Monday, April 11, 2011

Virginity, Feminism & Publicity: The "Deflowering" of Nicki Blue

Nicki Blue is a 21 year old aspiring porn actress who chose to "lose her virginity" live on-air on January 15th at the studios of Kink.com. Stepping past any personal opinions you may have about the value and validity of the porn industry, her decision - and the marketing choices of her chosen purveyor, Kink.com - have raised some fascinating conversations within the sex-positive community about the meaning of sexuality and the perceived value of a woman.


It wasn't that long ago that a woman was considered the property of her father until she became the property of her husband - in fact, this mindset is still common in developed countries, not to mention third-world countries. For example, I offer an article from 2007 about two such stories from Pakistan. This is not ancient history, this is a matter of modern reality.


An article by Miss Maggie Mayhem thoroughly examines several myths about female sexuality. Each seems supported and promoted by Kink.com's original press release which stated, for example, "Prior to the event, a trained expert will insert Kink.com's official hymen-cam to validate that Blue's hymen is still in place and that she is a true virgin. Once her hymen is confirmed, the evening will proceed."
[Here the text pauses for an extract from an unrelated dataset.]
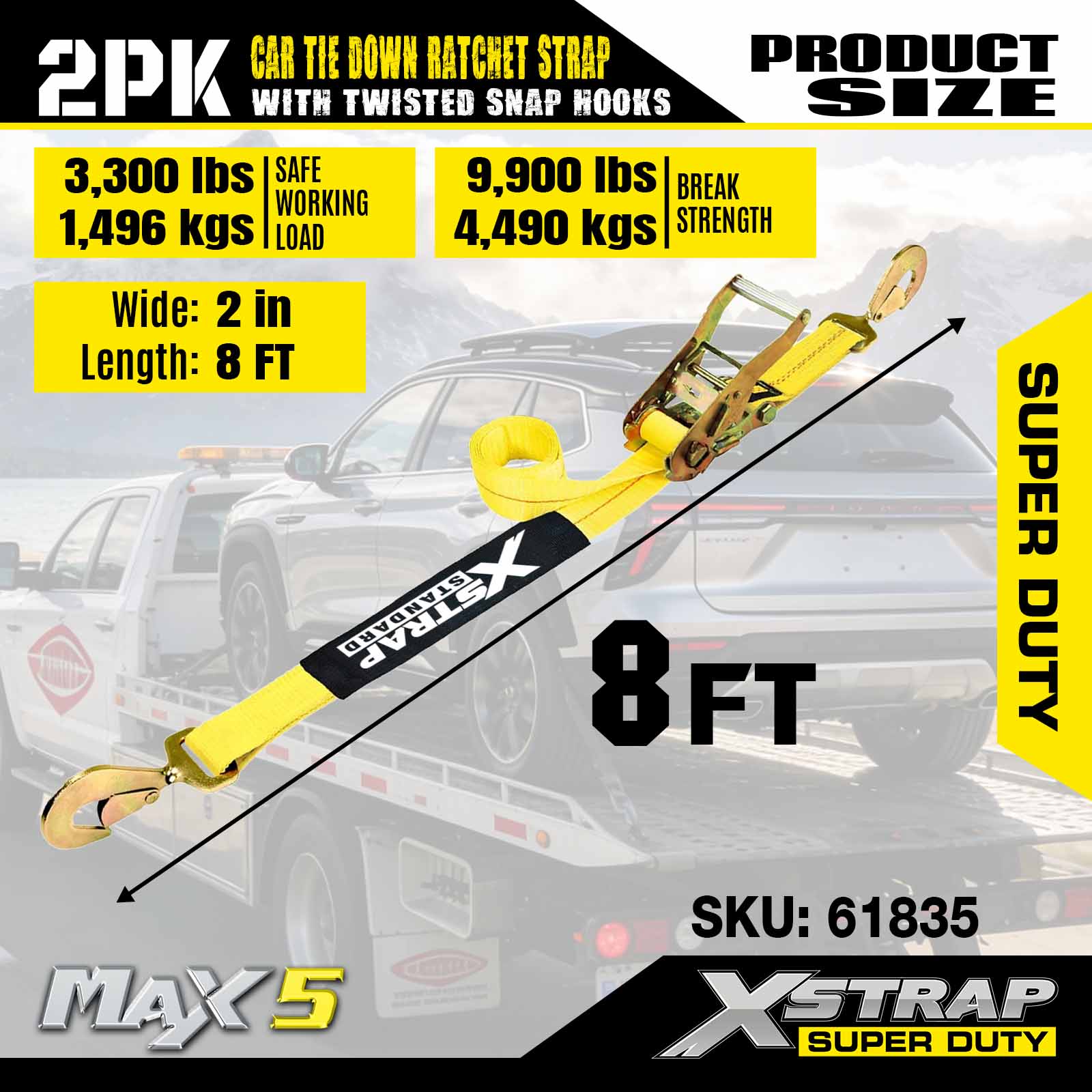 Xstrap upínacie popruhy pre prívesy do auta, 2 palcové x 8 palcové račňové popruhy pre ťažký nákladný automobil, 2PK, pevnosť v pretrhnutí 10 000 libier

Maggie takes issue with the term "True Virgin" and I highly recommend her article for a thoroughly accurate education about the female hymen, including fact-based deconstruction of the myth that an intact hymen is the determining factor of virginity. Further discussion inquires into the focus on penile/vaginal sex as the form of sex through which a woman "loses" her virginity, and the perceived value of virginity itself.
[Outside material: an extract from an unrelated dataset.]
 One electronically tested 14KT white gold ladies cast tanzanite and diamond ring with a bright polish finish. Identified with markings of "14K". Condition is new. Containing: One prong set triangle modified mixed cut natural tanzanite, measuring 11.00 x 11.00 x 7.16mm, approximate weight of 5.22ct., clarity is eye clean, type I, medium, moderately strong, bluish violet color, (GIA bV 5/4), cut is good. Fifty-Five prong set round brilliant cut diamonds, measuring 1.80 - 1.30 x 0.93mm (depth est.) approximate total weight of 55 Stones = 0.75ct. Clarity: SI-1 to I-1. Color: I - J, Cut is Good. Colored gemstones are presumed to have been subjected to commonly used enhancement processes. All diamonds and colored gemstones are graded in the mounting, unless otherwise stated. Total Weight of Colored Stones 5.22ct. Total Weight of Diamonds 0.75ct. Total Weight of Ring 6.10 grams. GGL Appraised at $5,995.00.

Being a little bit of a language diva, let's look at the very wording here. When a woman "loses her virginity," what exactly is she losing?! Is my value as a woman diminished by such a loss?


According to Wikipedia:

"Bride price, also known as bride wealth, is an amount of money or property or wealth paid by the groom or his family to the parents of a woman upon the marriage of their daughter to the groom. (Compare dowry, which is paid to the groom, or used by the bride to help establish the new household, and dower, which is property settled on the bride herself by the groom at the time of marriage.) In the anthropological literature, bride price has often been explained in market terms, as payment made in exchange for the bride's family's loss of her labor and fertility within her kin group. The agreed bride price is generally intended to reflect the perceived value of the girl or young woman."
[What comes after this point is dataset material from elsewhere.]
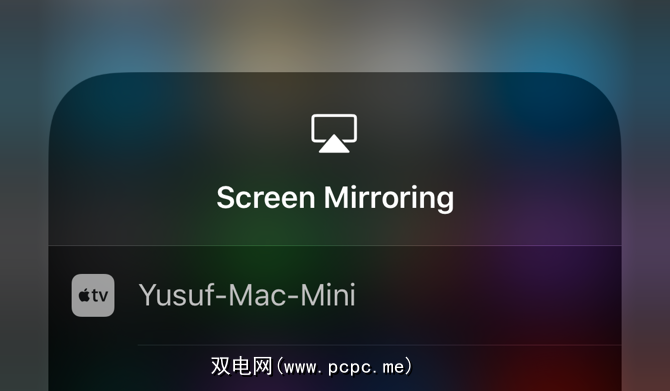 您的Mac mini将在iOS中显示带有AppleTV徽标。只需单击它即可连接,授权您是否看到安全提示,然后您的iOS设备将获得屏幕镜像。在macOS中,您可以从菜单栏中的AirPlay图标中选择Mac mini。

In such a society, the loss of a woman's virginity, if unmarried, is actually the loss of her father's or future husband's financial gain. Is that who we are today? I think not.


Furthermore, the language of virginal loss seems a disservice to young men and young women alike - implying an innocence that rarely exists in our hyper-sexualized culture; creating a focus on the Thing of virginity instead of on making healthy sexual and emotional choices; and propagating a sexist view where men are perceived to gain value for varied sexual experience, and women to lose value for the same.


Pursuant to Maggie's article, Peter Acworth, CEO of Kink.com, published an extraordinary apology. "Instead of showing our gratitude to Nicki for choosing Kink to fulfill her sexual fantasy - to break her hymen during her first vaginal sex experience in front of thousands of fans - we marketed it in a way that relied on sexist tropes and myths about the female body that we should not have perpetuated," he wrote. "And that fact was rightfully brought to our attention by bloggers who hold us to a much higher standard than that. We truly thank them for it and are gratified to see issues surrounding female sexuality, virginity and sexism being discussed in public forums - even if it was as a result of our screw up."


No matter your views of pornography, this debacle serves as a reminder that women's sexuality remains only moderately liberated, and that our choice of language in all matters sexual makes a difference. We can speak a world of freedom, or a world of limitation and judgment. You choose.



M. Makael Newby, 2011 - All Rights Reserved - http://mmakaelnewby.blogspot.com

1 comment:

  1. I've always wondered at the idea of hymen-breakage as the point at which you were no longer a virgin. I had sex a half dozen times before my hymen broke, and I know other women who had broken their hymen long before engaging in vaginal intercourse. And then, of course, there lies the question of virginity for people whom have no desire for penetrative intercourse. Are they virgins forever, no matter how many partners they have? It all serves to highlight the silliness of the entire topic of virginity as a a value marker.